No mais, a norma, que carecerá de regulamentação, é muito vaga. Refugia-se nas generalidades, nos conceitos, nos direitos.

De inovador, a aposta na prioridade da permanência da pessoa idosa na residência, um passo fundamental. Podendo, envelhece-se melhor entre os nossos, rodeados das nossas pequenas coisas, na nossa intimidade, sem partilhar com estranhos o que não queremos, gozando do nosso silêncio. Tirar uma pessoa da sua casa é desenraizá-la, cortar-lhe as esperanças. Um passo para o lar. É bondosa a intenção e pia a razão. E fala-se na teleassistência, como forma de monitorizar a pessoa na residência. E na participação dos idosos em estabelecimentos seniores. E no voluntariado sénior. E no direito à habitação. E na mobilidade.

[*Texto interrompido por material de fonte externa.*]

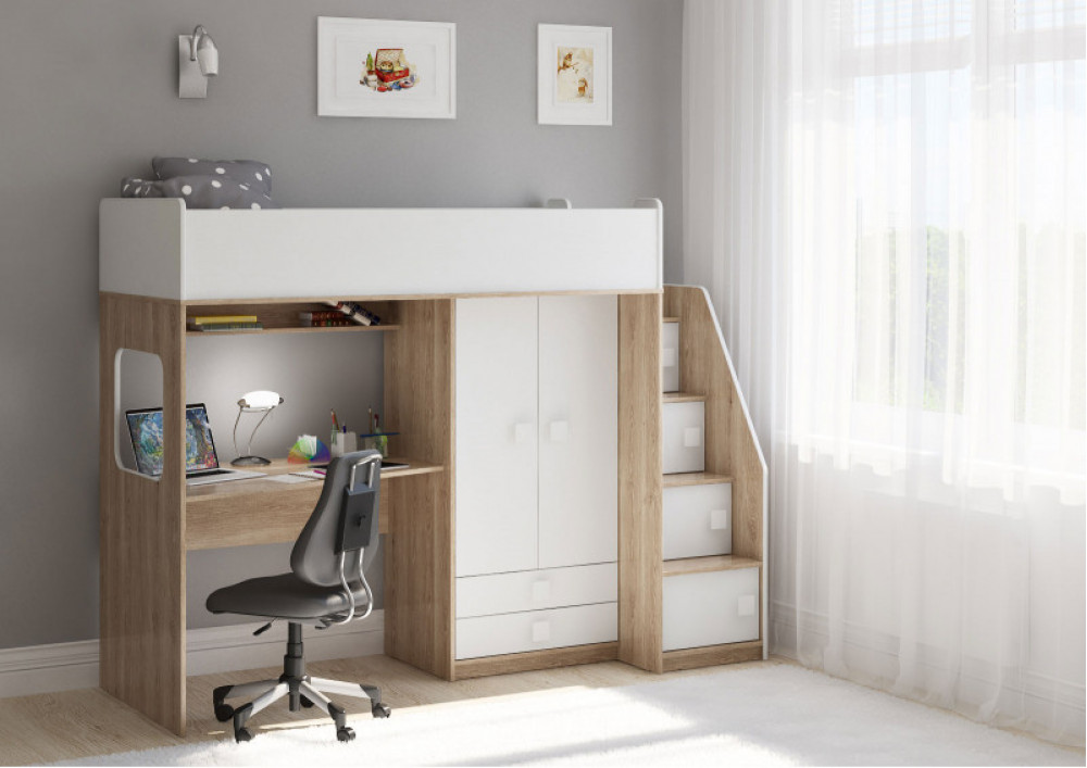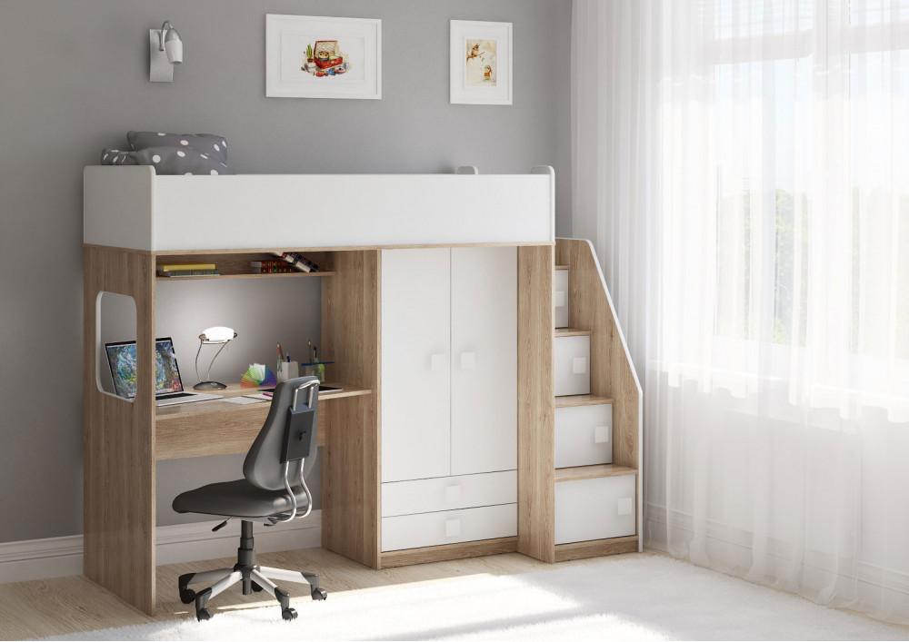 Учебная зона со столом под спальным местом открывает возможности для письменных работ,а также здесь удобно расположить ноутбук.

Vamos a factos: como, de que forma, vai o Estado estimular a contratação de profissionais aptos a darem esta resposta? Com que mochila financeira? A que permite apenas a contratação de pessoas pelo salário mínimo, afastando critérios mínimos de qualificação, e estabelecendo limites irrealistas nas comparticipações familiares?

De que forma contratam as IPSS profissionais para prestarem cuidados ao domicílio?


E com que formação?

E as casas terão condições de higiene e aquecimento para a pessoa idosa aí passar o dia todo?

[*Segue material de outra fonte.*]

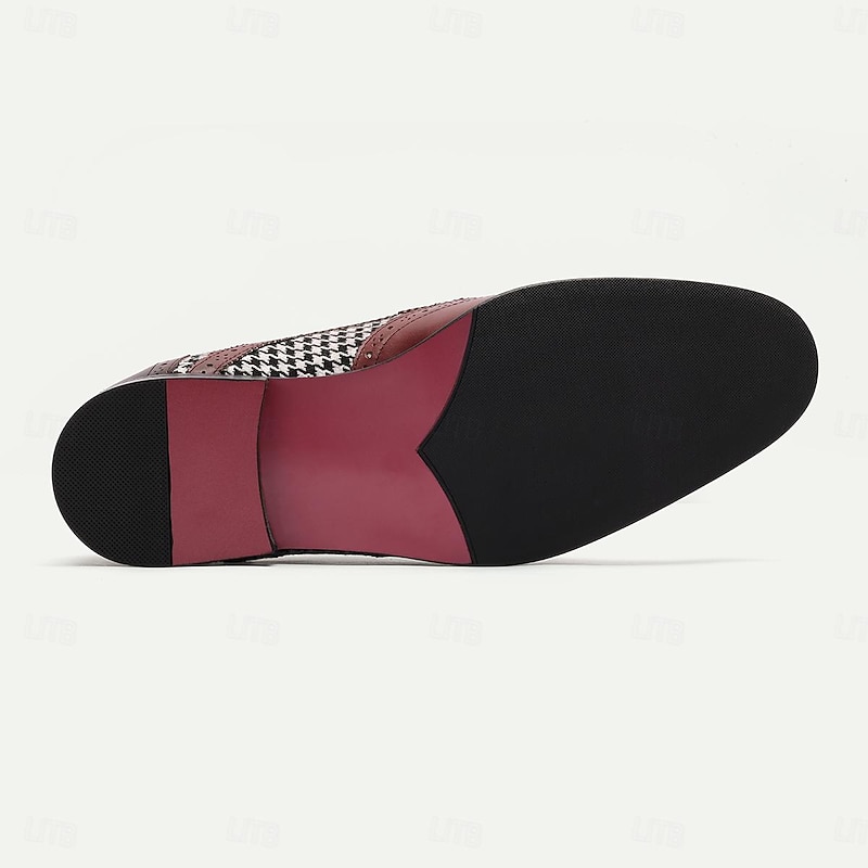 HOT ! Men's Houndstooth and Leather Brogue Dress Shoes - Red and Black, Ideal for Formal Events and Business Wear

Como se envolvem as autarquias neste processo?

De que modo, e quando, se garante a teleassistência, ferramenta fundamental para a tranquilidade das famílias?

E a cobertura extensiva a todo o território?

Quais os meios para cativar as pessoas idosas para o lazer sénior – universidades, academias, passeios – ?

Quais os estímulos para o voluntariado a que todas as sociedades hoje em dia lançam mão, poupando nos recursos públicos?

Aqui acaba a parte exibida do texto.